- _Exercise data_
* * *
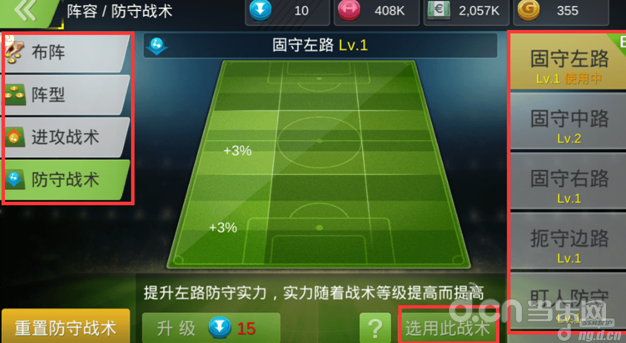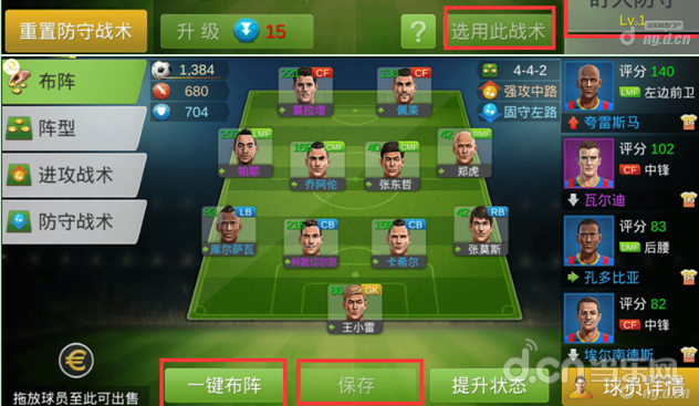 第四:点击战术调整,按照系统的提示更换自己的战术。战术和阵型都是可以进行升级的,使用对应的进攻、防守战术点和欧元可以进行升级,最后在更换完阵型之后,别忘记去布阵哦,可以点击一键布阵,之后再点击保存!
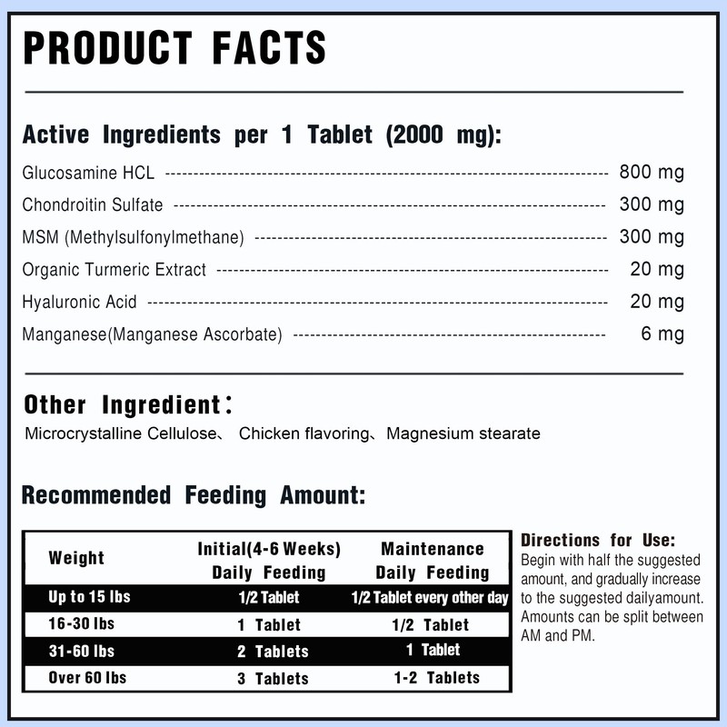 - Advanced Joint Support Formula: Each 2000mg tablet contains 800mg Glucosamine HCL, 300mg Chondroitin Sulfate, and 300mg MSM, effectively promoting cartilage repair and enhancing joint health and flexibility in dogs.
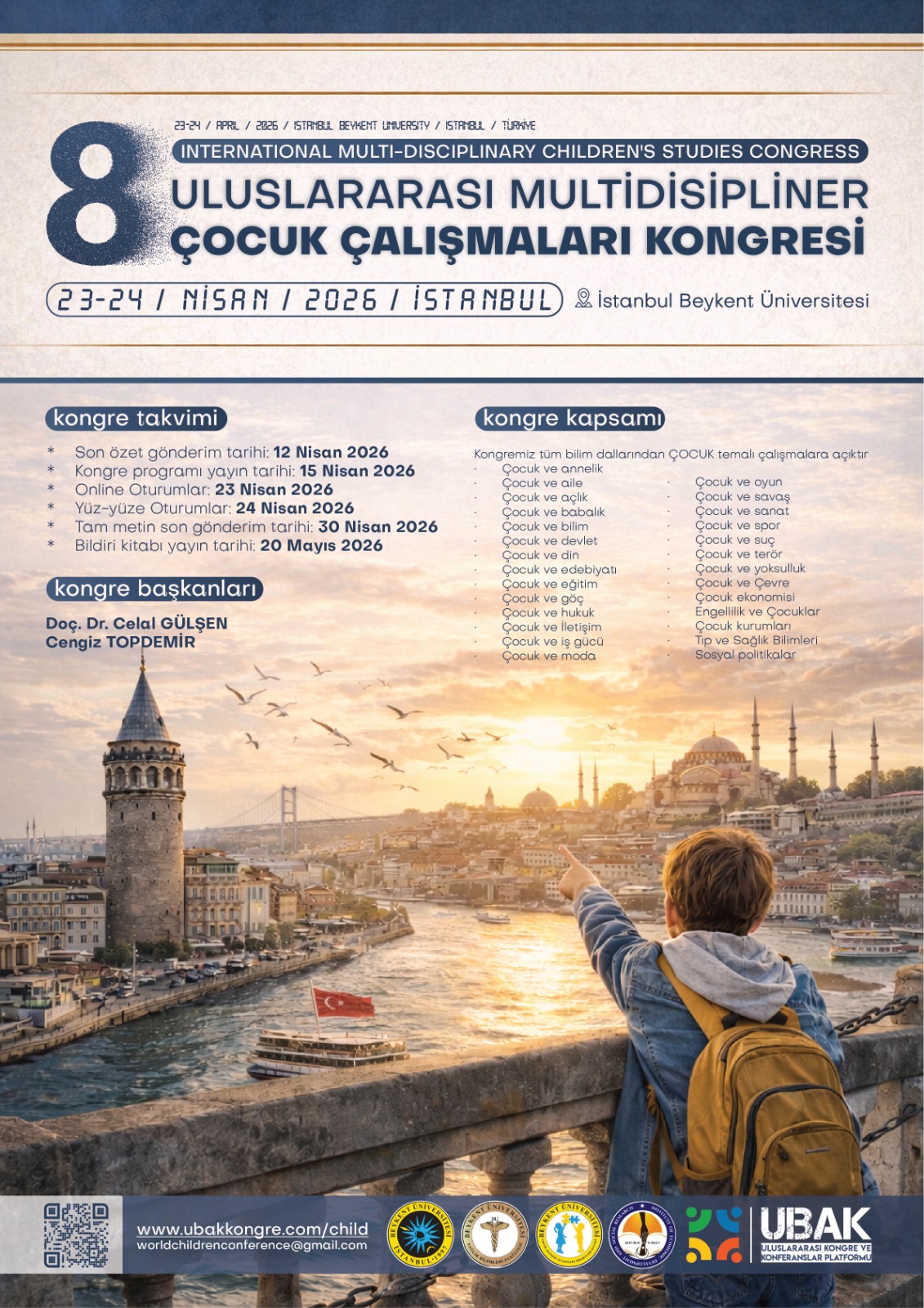 İstanbul Beykent Üniversitesi, 23-24 Nisan 2026 tarihlerinde 8. Uluslararası Multidisipliner Çocuk Çalışmaları Kongresi’ne ev sahipliği yapacak.
* * *
- _Exercise_
All the lines above are to be given again exactly as they read, with the pictures removed.

- _Answer to this task_
 第四:点击战术调整,按照系统的提示更换自己的战术。战术和阵型都是可以进行升级的,使用对应的进攻、防守战术点和欧元可以进行升级,最后在更换完阵型之后,别忘记去布阵哦,可以点击一键布阵,之后再点击保存!
 - Advanced Joint Support Formula: Each 2000mg tablet contains 800mg Glucosamine HCL, 300mg Chondroitin Sulfate, and 300mg MSM, effectively promoting cartilage repair and enhancing joint health and flexibility in dogs.
 İstanbul Beykent Üniversitesi, 23-24 Nisan 2026 tarihlerinde 8. Uluslararası Multidisipliner Çocuk Çalışmaları Kongresi’ne ev sahipliği yapacak.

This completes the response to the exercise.